Araştırmacılar daha sonra bu tür bir öğrenmenin belirli bir uyku evresine bağlı olup olmadığını belirlediler.

İkinci bir deneyde, uyku döngülerini hızlı göz hareketine (REM) ve REM olmayan uykuya ayırdılar ve daha sonra sadece bir fazda veya diğerinde koşullandırmayı başlattılar.

Şaşırtıcı bir şekilde, öğrenilen yanıtın REM aşamasında daha belirgin olduğunu buldular, ancak ilişkinin uykudan uyanmaya geçişinin yalnızca öğrenme REM dışı aşamada gerçekleştiğinde açık olduğunu buldular.

Araştırmacılar, REM uykusu sırasında çevremizdeki uyaranlardan etkilenmeye daha açık olabileceğimizi, ancak rüyalarımızın çoğunu unutmamızı sağlayan sözde "rüya amnezi" nin bu uyku aşamasında meydana gelen herhangi bir şartlanmaya göre çalışabileceğini varsayıyorlar. .
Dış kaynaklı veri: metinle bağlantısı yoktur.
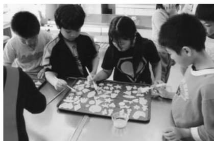
▲菓子工房での体験のようす
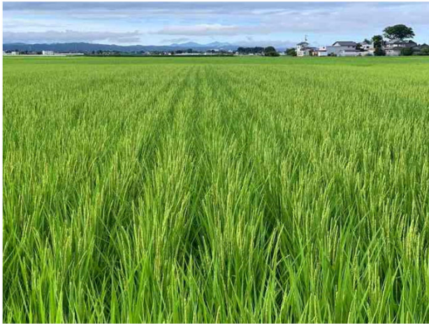
コシヒカリの穂が出揃いました
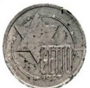
10 Mark 1943 - Aluminio - Magnesio - 1.75 g - 28,4 mm
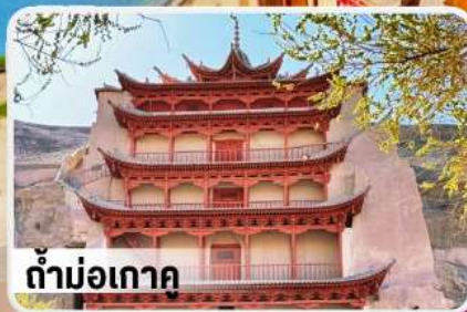
ตำบ่อเกา
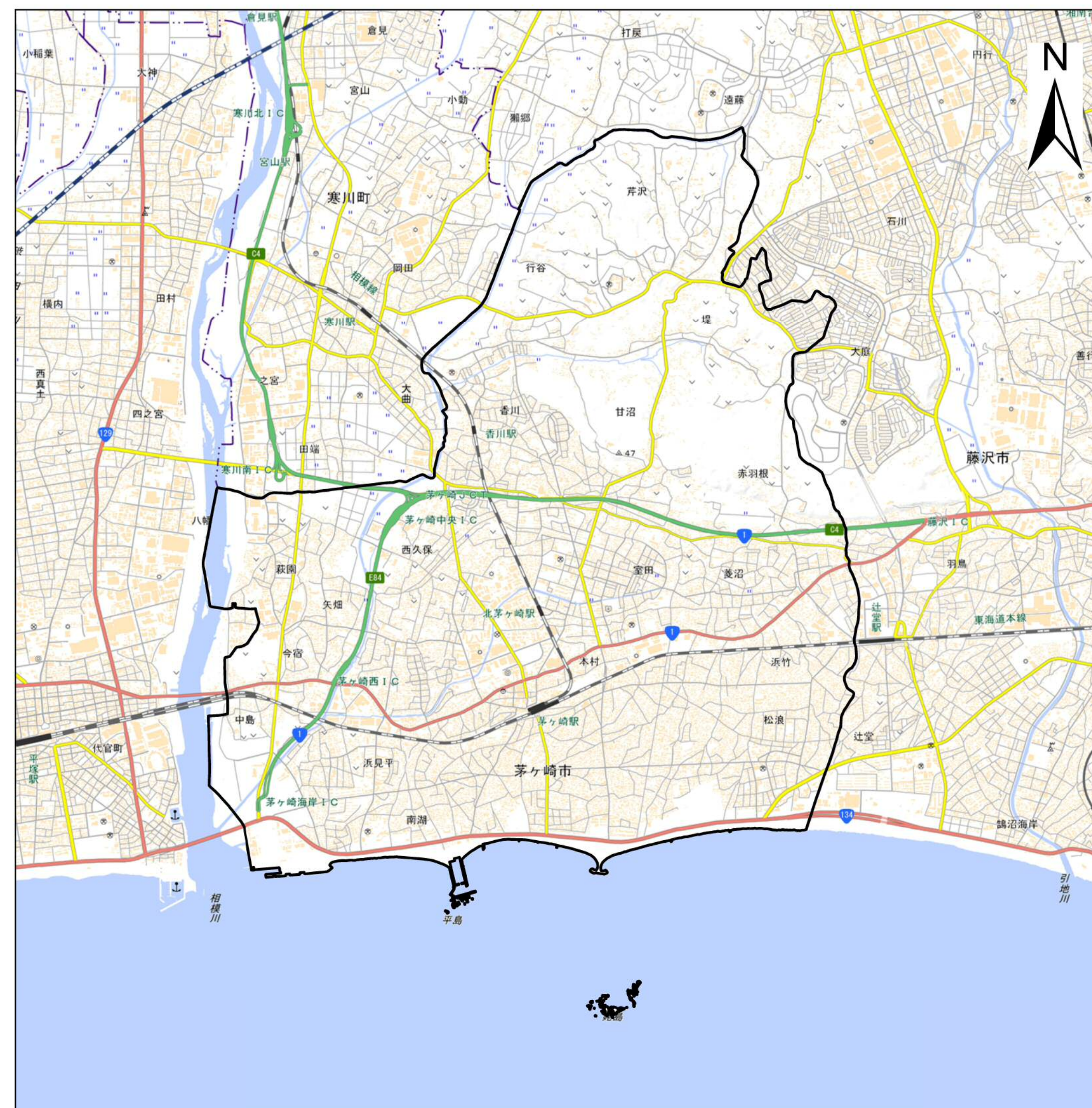
詳細位置図 (S= 1:50,000) (A2)
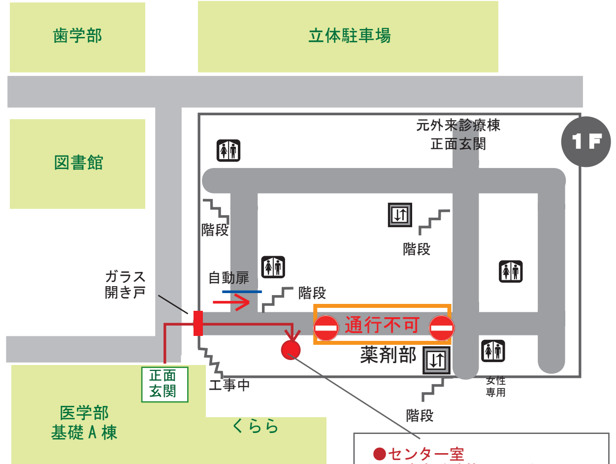
④臨床試験管理センター

Aksine, REM olmayan uyku, bellek konsolidasyonu için önemli olan aşamadır, bu nedenle bu uyku öğrenme biçiminde de rol oynayabilir.

Sobel'in laboratuvarı koku alma duyusunu araştırsa da, Arzi uyku ve koma gibi değişmiş bilinç durumlarında beyin işlemeyi araştırmaya devam etmeyi planlıyor.

"Artık bir tür uyku öğrenmenin mümkün olduğunu biliyoruz," dedi Arzi, "Sınırların nerede olduğunu - uyku sırasında hangi bilgilerin öğrenilebileceğini ve hangi bilgilerin öğrenilemeyeceğini bulmak istiyoruz."